Violação ao devido processo legal

Assim, a admissão da testemunha inédita no segundo julgamento ocasionaria indevida violação ao devido processo legal.

 

Em suma:

Em novo julgamento pelo Tribunal de Júri, pelo fato do primeiro veredito ter sido considerado manifestamente contrário à prova dos autos, não se pode admitir inovação no conjunto probatório que será levado ao conhecimento do novo Conselho de Sentença. 

STJ. 6ª Turma. REsp 2.225.331-RJ, Rel. Min. Antonio Saldanha Palheiro, julgado em 04/11/2025 (Info 870).

 

No mesmo sentido:

O réu foi submetido a julgamento pelo Tribunal do Júri. Houve recurso para o Tribunal de Justiça e o júri foi anulado sob o argumento de que a decisão dos jurados foi manifestamente contrária à prova dos autos. Foi, então, designada uma nova sessão do Júri.

Para esse novo julgamento, não é possível que se conceda às partes o direito de inovar no conjunto probatório mediante a apresentação de novo rol de testemunhas a serem ouvidas em plenário.
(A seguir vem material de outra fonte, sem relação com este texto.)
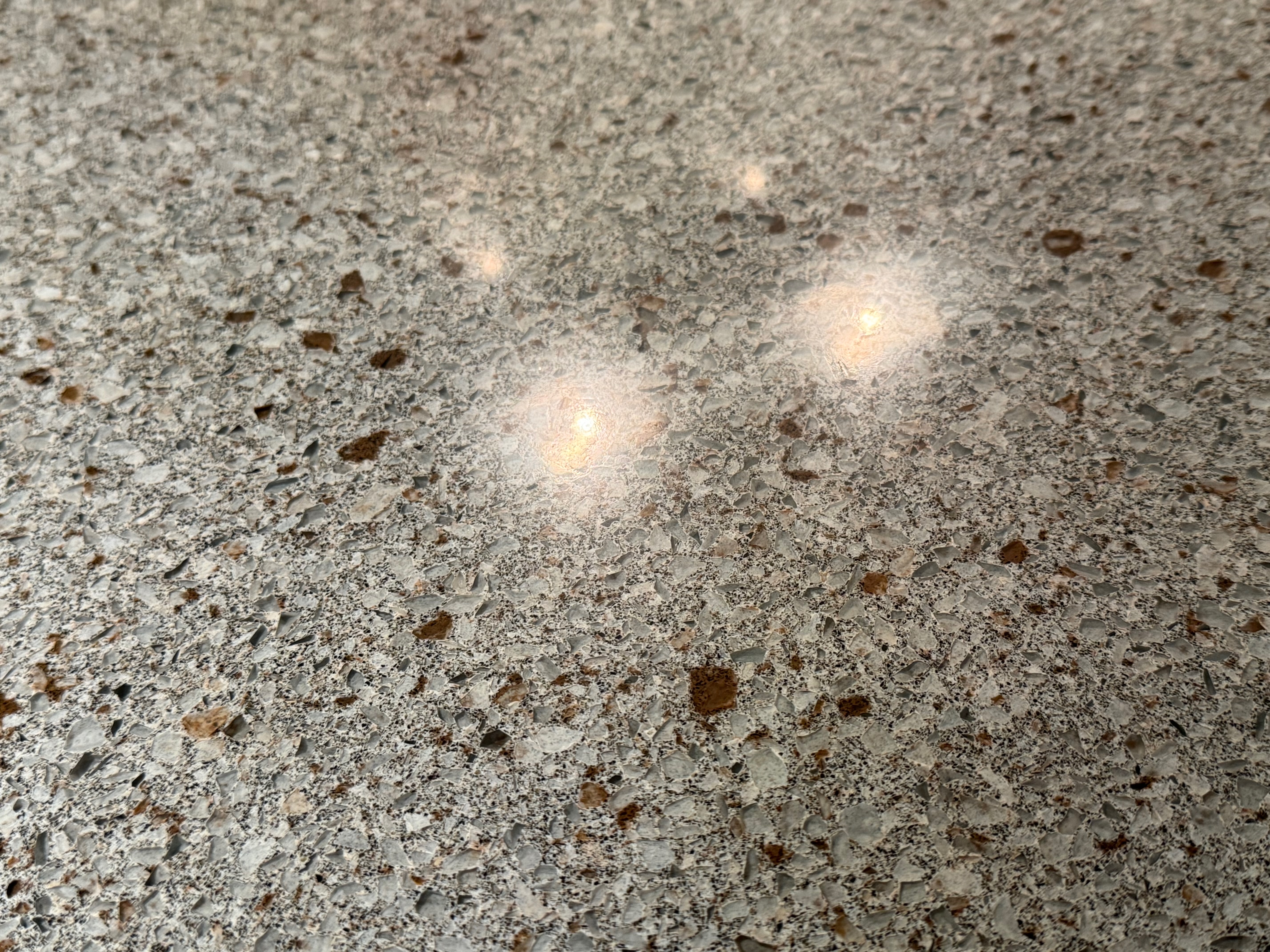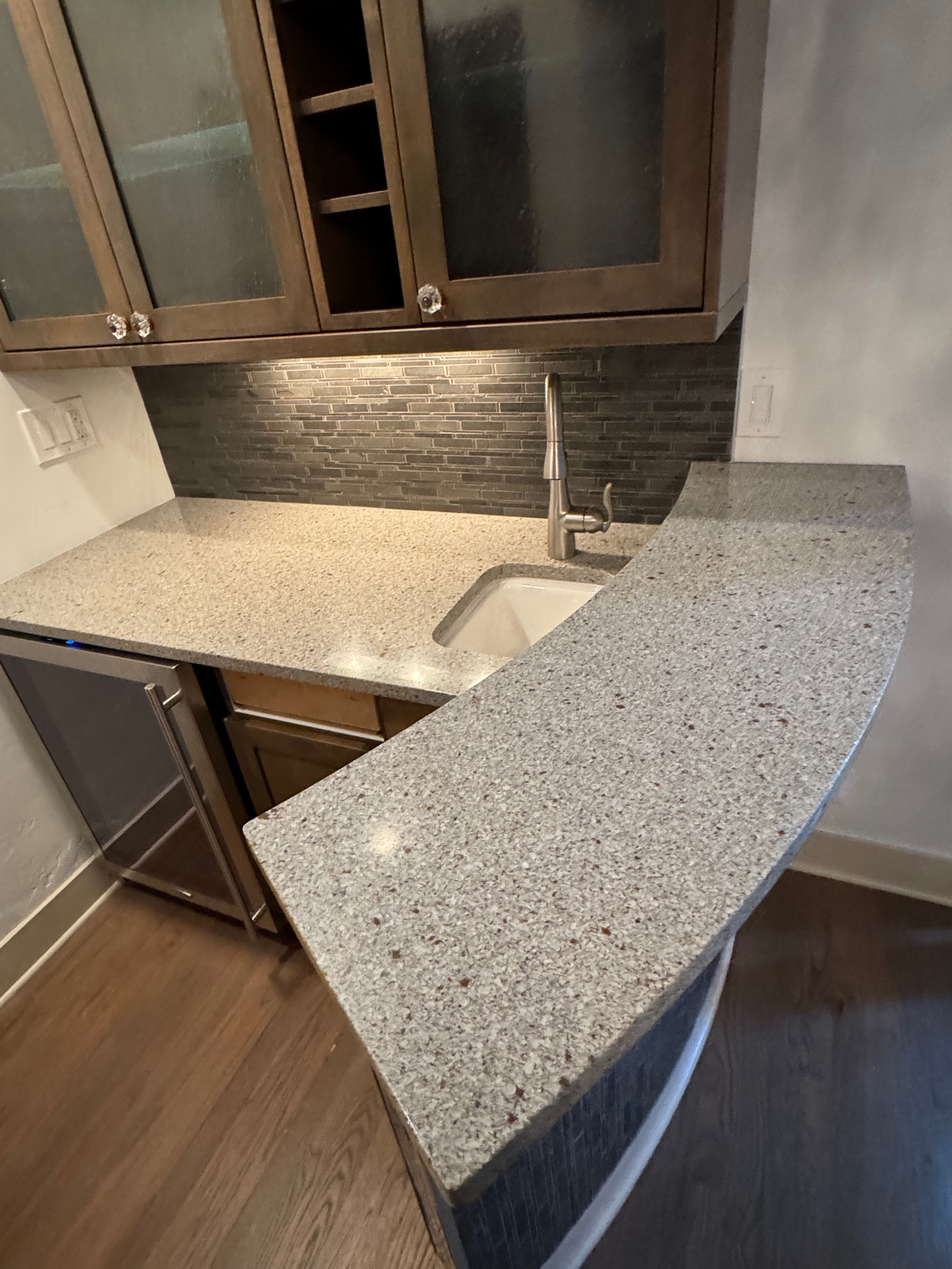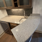 Peninsula counter 113 ¾” w x 26 ¾”d to wall then 38 ¼”d
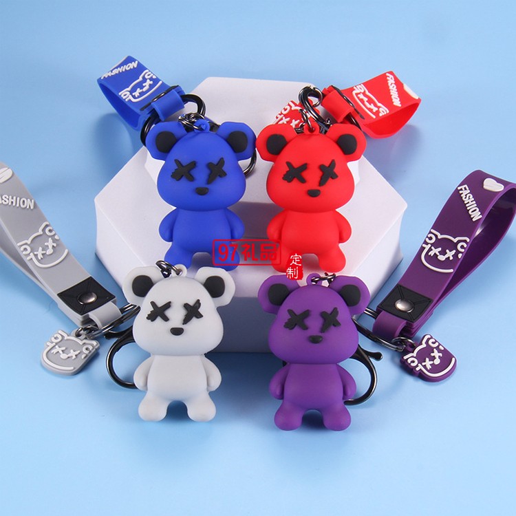 小熊PVC鑰匙扣掛件情侶芝麻街鑰匙包掛飾
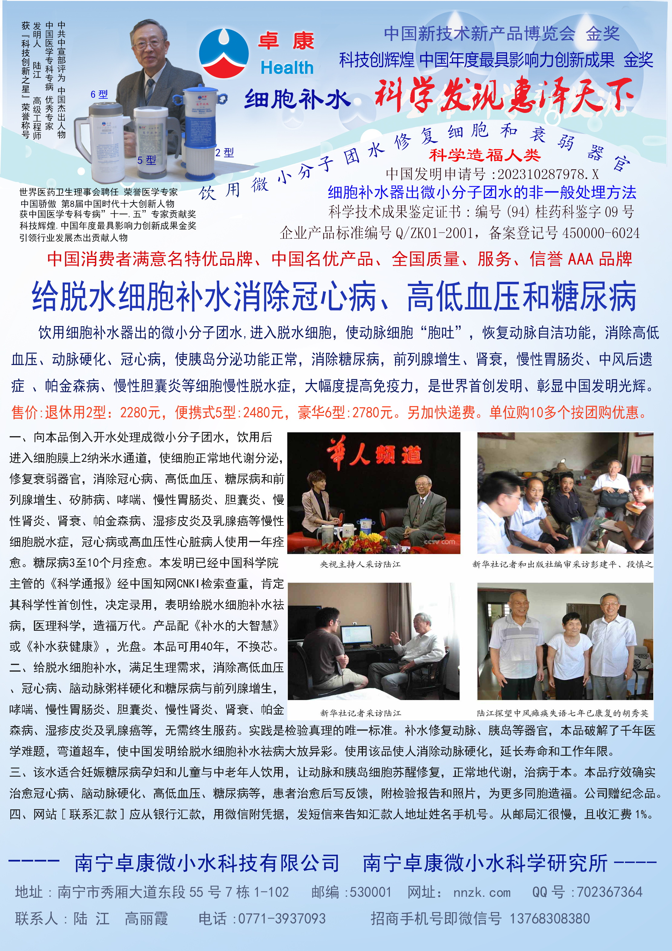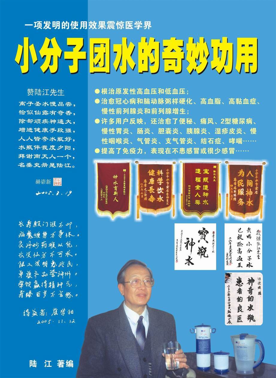 人類幾千年來患以上病癥需終生服藥,幾十年也不能治愈。可是我國南寧的高級工程師陸 江,于1990年想根治高血壓,研究發明了離子水瓶,處理出微小分子團水供飲用,經過醫院臨床試用和專家鑒定,1999年獲中國發明專利權,產品于2000年投放市場后一直跟蹤調查,據全國各地用戶反饋:祛除了高低血壓、糖尿病和冠心病,并使前列腺增生、咽喉炎、鼻竇炎、慢性氣管炎、支氣管炎、矽肺病、哮喘、慢性胃炎、腸炎、慢性膽囊炎、慢性腎炎、腎衰、膀胱炎、便秘、痔瘡、風濕性關節炎和濕疹皮炎及中風后遺癥等病癥不藥而愈。為什么喝微小水能治20多種病?陸 江從1991年德國科學家發現細胞膜水通道僅為2納米獲得啟發,認為多種器官患病是因細胞脫水,不能正常代謝和分裂增殖,才使器官細胞減少致衰弱萎縮而形成細胞缺水性病癥。22年來的實踐有力地支持了“細胞脫水致病”這一重要論點,表明喝微小水可滿足細胞的生理需求,補水就能祛病,是生命科學新亮點。

STJ. 5ª Turma. HC 243452-SP, Rel. Min. Jorge Mussi, julgado em 26/2/2013 (Info 516).

 

É lícito o indeferimento de parte das provas requeridas pela defesa após a anulação do primeiro julgamento, não sendo permitido ao Juiz Presidente repetir a fase de preparação do julgamento prevista no art. 422 do Código de Processo Penal, pois a indicação das provas a serem produzidas em Plenário já foi realizada no mesmo procedimento e encontra-se acobertada pela preclusão, inexistindo constrangimento ilegal.

STJ. 5ª Turma. RHC 120.356/SP, Rel. Min. Jorge Mussi, julgado em 10/3/2020.